This is a typical Queen tale from the 1930's .A man is murdered while waiting to see a wealthy New York publisher and collector named Donald Kirk,an old friend of Ellery's.The circumstances are bizarre to say the least-the waiting room furniture has been turned back to front ,the door is locked from the inside and the sole clue to the actions of the murdered man is the remains of a Chinese orange (in the UK a tangerine)in the waste bin.The victim's name is not known .There are no clues on his person to identify him and no-one has seen him in the vicinity of the crime .A range of potential suspects are questioned and statements taken probing means ,motive and opportunity,all in the time honoured tradition of the genre.Ellery is aided in the investigation by his father Richard ,a policeman.

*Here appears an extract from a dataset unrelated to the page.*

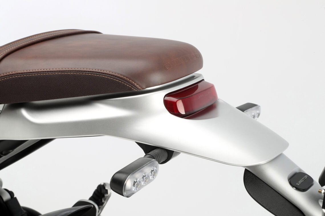 Respecto a su estética, destaca por sus líneas elegantes. Éstas se aprecian desde su frontal, con un pequeño carenado que simplemente rodea el faro, pero le da un toque retro. También se aprecia en su depósito, bicolor, y, por supuesto, en su asiento marrón. En sus mandos, la SRV 550 tiene una pantalla LCD multifunción, mientras que su iluminación es Full LED. La QJ SRV 550 está disponible en un color: negro/plateado.
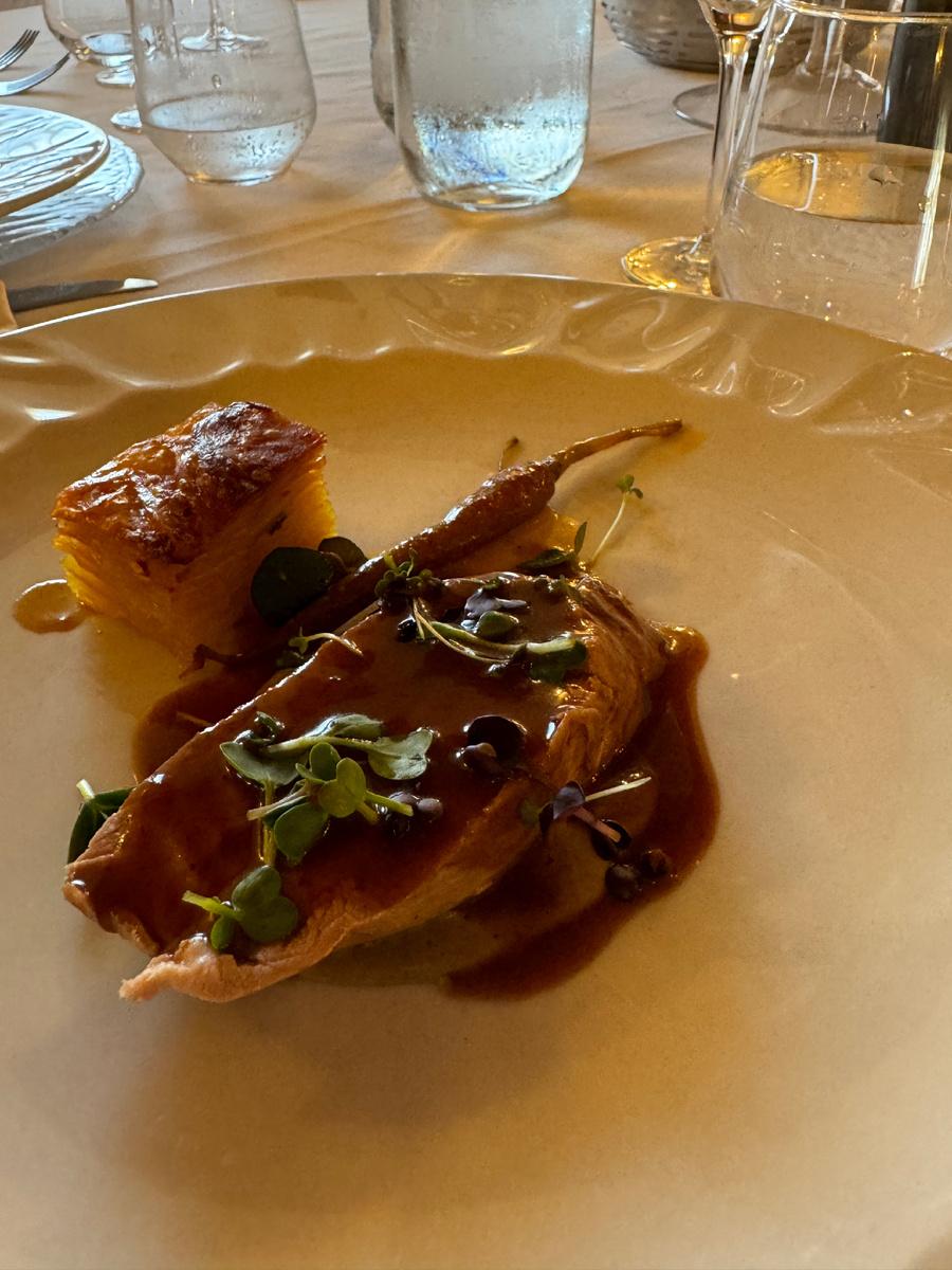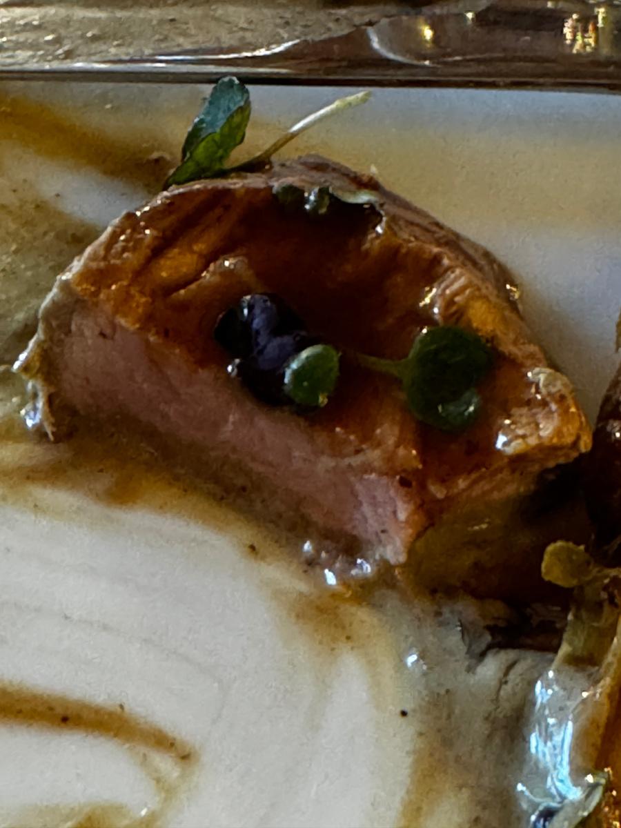 Затем — горячее. Это был стейк из свинины в фисташковом соусе.

The focus of the book is not an character but deduction and detection.Ellery is essentially an intellectual loner , a walking cerebellum .What we get is a locked room mystery with a solution both ingenious and plausible .Stylistically the prose is unremarkable and the characterisation functional if somewhat perfunctory.It does mercifully lack the facetiousness and intellectual showing off of the contemporaneous S S Van Dine books also set in New York society .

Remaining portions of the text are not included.